--- Task objective ---
Return nothing but the lines from the one with "問題場面を図で表したものを見" through the one with "新型鋁合金材質(zhì)擋鼠" in the data below, word for word and without pictures.

--- Given data ---
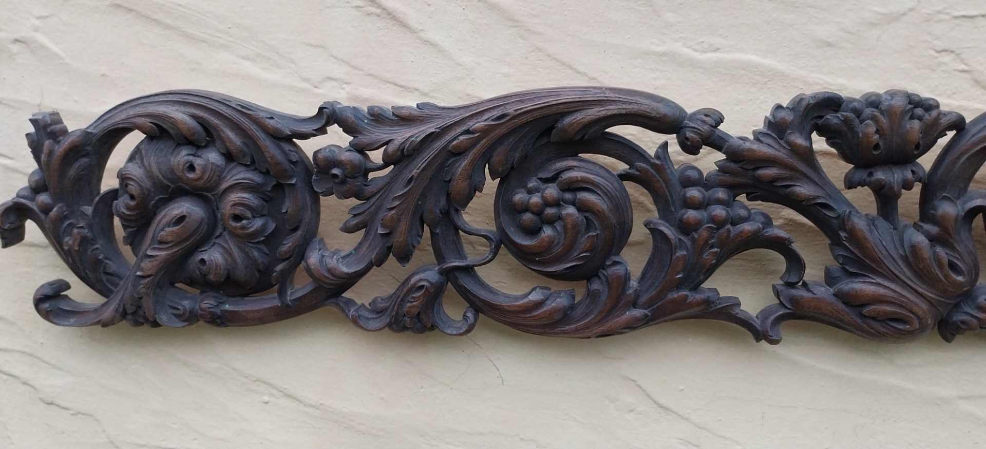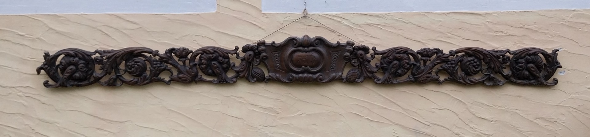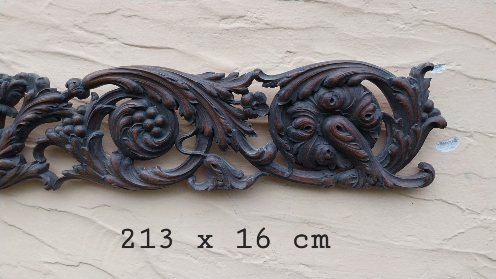 Carved decoration in walnut wood. Fine and delicate workmanship and beautifully hand-sculpted. Ornament made in Renaissance style in the late 1800s or early 1900s. Perfect state of preservation. Beautiful quality work. Dimensions: 213 cm length and 16 cm height plus the central part a little higher. The decoration is divided into 3 parts.
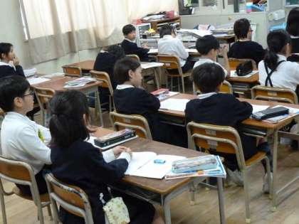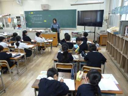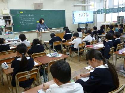 問題場面を図で表したものを見て、ジュースとみかんの合計を別々に計算してたす考え方とジュースとみかんを一つのセットとしてそのセットがいくつ分という考えがあることから、このまとまりとして考えた計算を式に表すとどうなるかを学習していました。
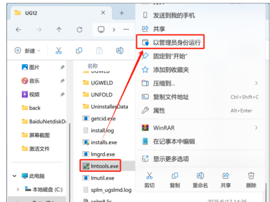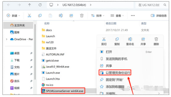 12.打开安装包解压后的【UG NX12.0(64bit)】文件夹,鼠标右击【SPLMLicenseServer win64】选择【以管理员身份运行】。
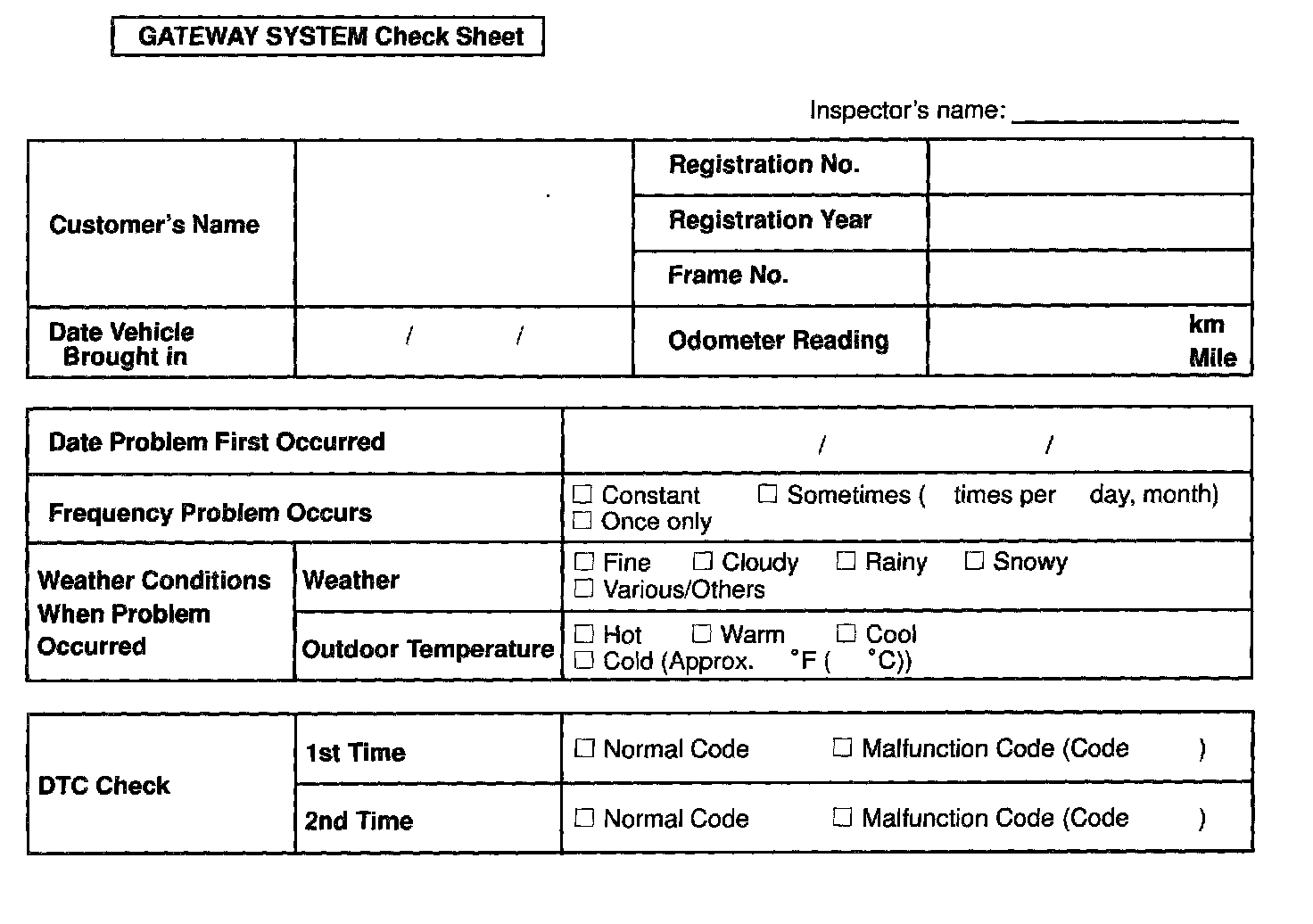 Gateway System Check Sheet:
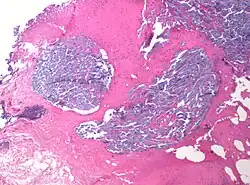 Desmoplasia refers to growth of dense connective tissue or stroma.[2] This growth is characterized by low cellularity with hyalinized or sclerotic stroma and disorganized blood vessel infiltration.[3] This growth is called a desmoplastic response and occurs as result of injury or neoplasia.[2] This response is coupled with malignancy in non-cutaneous neoplasias, and with benign or malignant tumors if associated with cutaneous pathologies.[3]
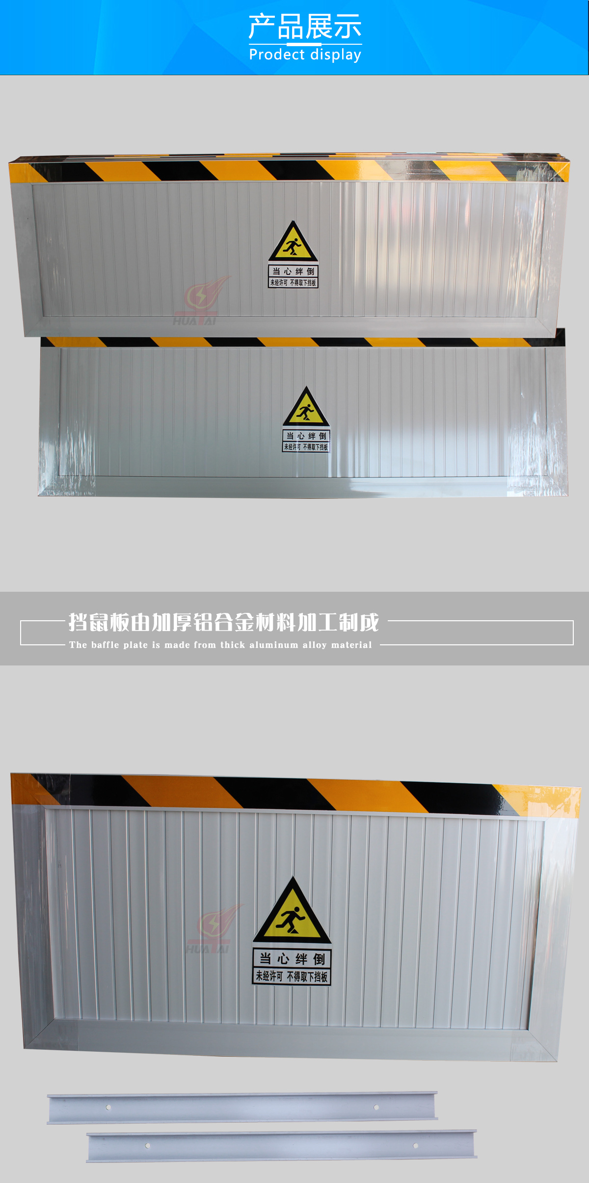 新型鋁合金材質(zhì)擋鼠板替代老式擋鼠板材,實用、結(jié)實、耐用、使用時間長。由擋鼠板主板面和卡槽夠成,外觀可見部分為鋁合金定制,且貼有黃黑色的反光警示貼。
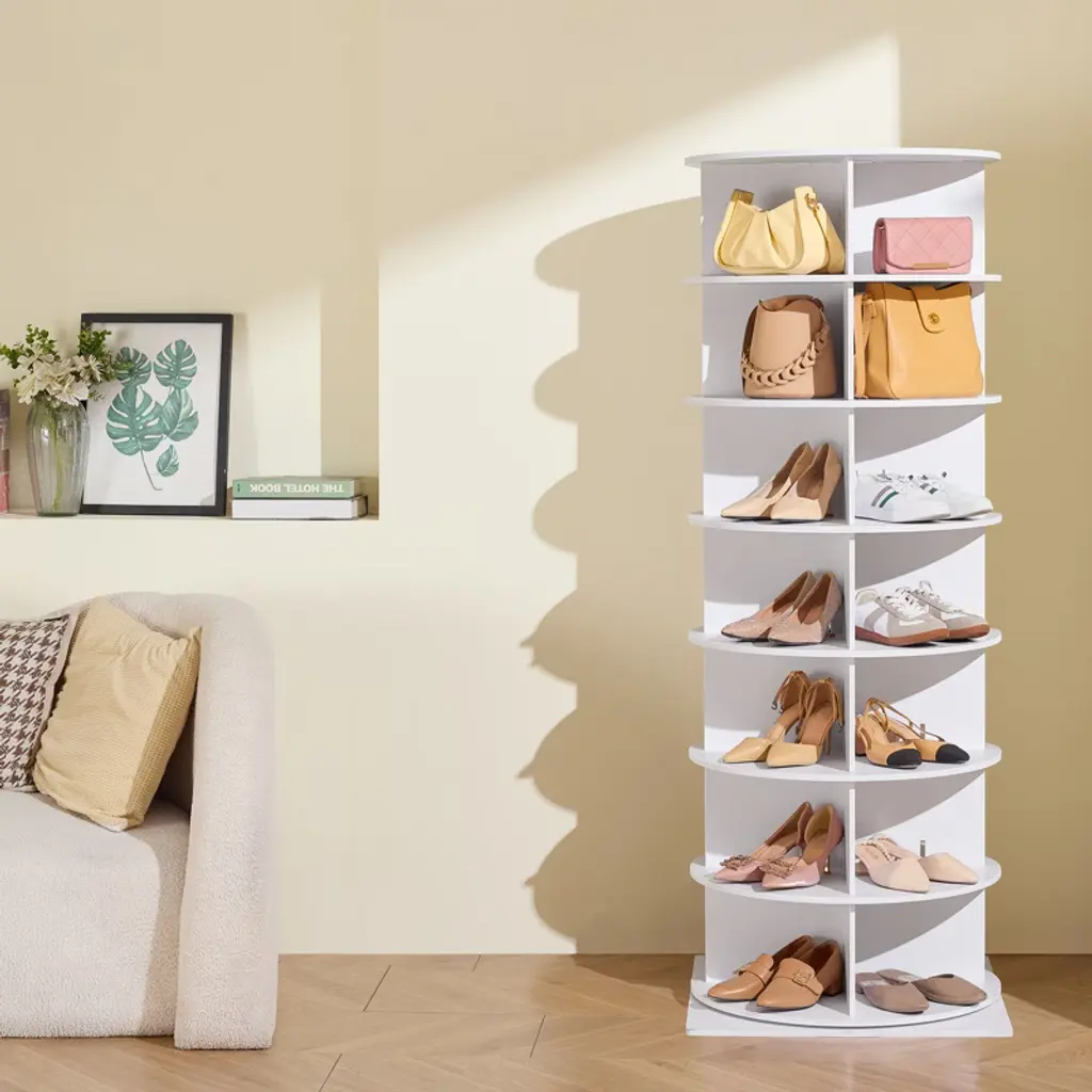 Vevor 7 Tiers Rotating Shoe Rack Tower, 360°spinning Shoe Display, Revolving Shoe Rack Storage Round Carousel, Lazy Susan Shoe Rack Organizer, White
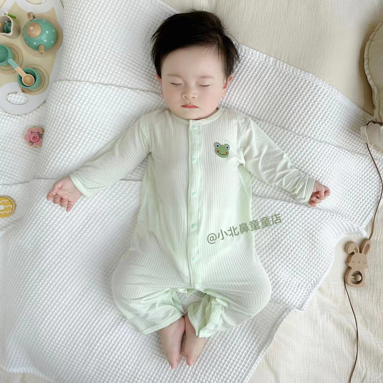 婴儿夏季连体衣薄款莫代尔空调服宝宝长袖哈衣新生儿睡衣无骨爬服
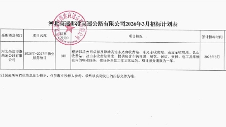 2026-03-24 08:51:56河北高速邯港高速公路有限公司2026年-2027年物业服务项目 招标公告 1.招标条件 本招标项目河北高速邯港高速公路有限公司2026年-2027年物业服务项目已列入河北高速邯港高速公路有限公司2026年度预算,项目业主单位为...[详细]
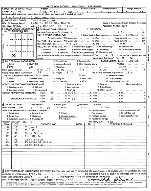 Pierpoint, Chad | 65 ft. | 38 ft. | 17.5 gpm. | Domestic, Lawn and Garden | Constructed | 20-Apr-1999 | Scan | |
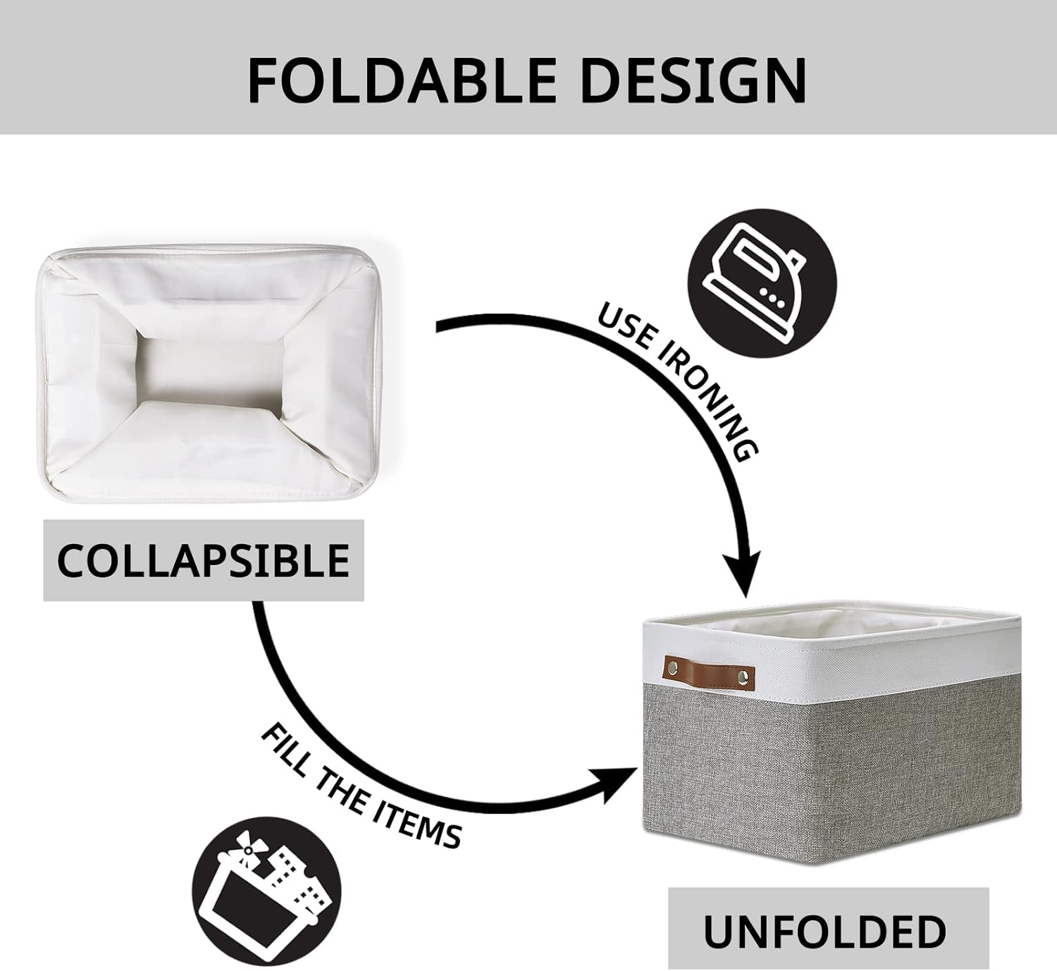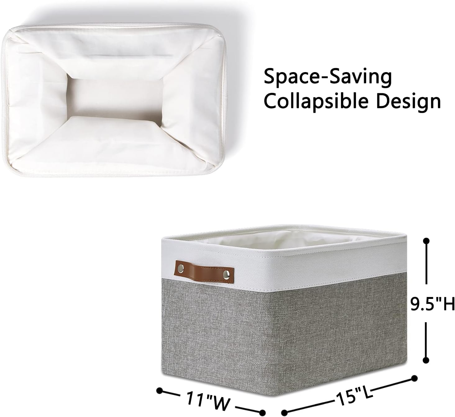 DULLEMELO Fabric Baskets for Storage, Office, Home,Nursery,Organizing Baskets for Shelves, Bedroom, Toys,Gift,Fabric Storage Basket with Handles(White&Grey,15"x11"x9.5",4-Pack)

--- Response area ---
 問題場面を図で表したものを見て、ジュースとみかんの合計を別々に計算してたす考え方とジュースとみかんを一つのセットとしてそのセットがいくつ分という考えがあることから、このまとまりとして考えた計算を式に表すとどうなるかを学習していました。
 12.打开安装包解压后的【UG NX12.0(64bit)】文件夹,鼠标右击【SPLMLicenseServer win64】选择【以管理员身份运行】。
 Gateway System Check Sheet:
 Desmoplasia refers to growth of dense connective tissue or stroma.[2] This growth is characterized by low cellularity with hyalinized or sclerotic stroma and disorganized blood vessel infiltration.[3] This growth is called a desmoplastic response and occurs as result of injury or neoplasia.[2] This response is coupled with malignancy in non-cutaneous neoplasias, and with benign or malignant tumors if associated with cutaneous pathologies.[3]
 新型鋁合金材質(zhì)擋鼠板替代老式擋鼠板材,實用、結(jié)實、耐用、使用時間長。由擋鼠板主板面和卡槽夠成,外觀可見部分為鋁合金定制,且貼有黃黑色的反光警示貼。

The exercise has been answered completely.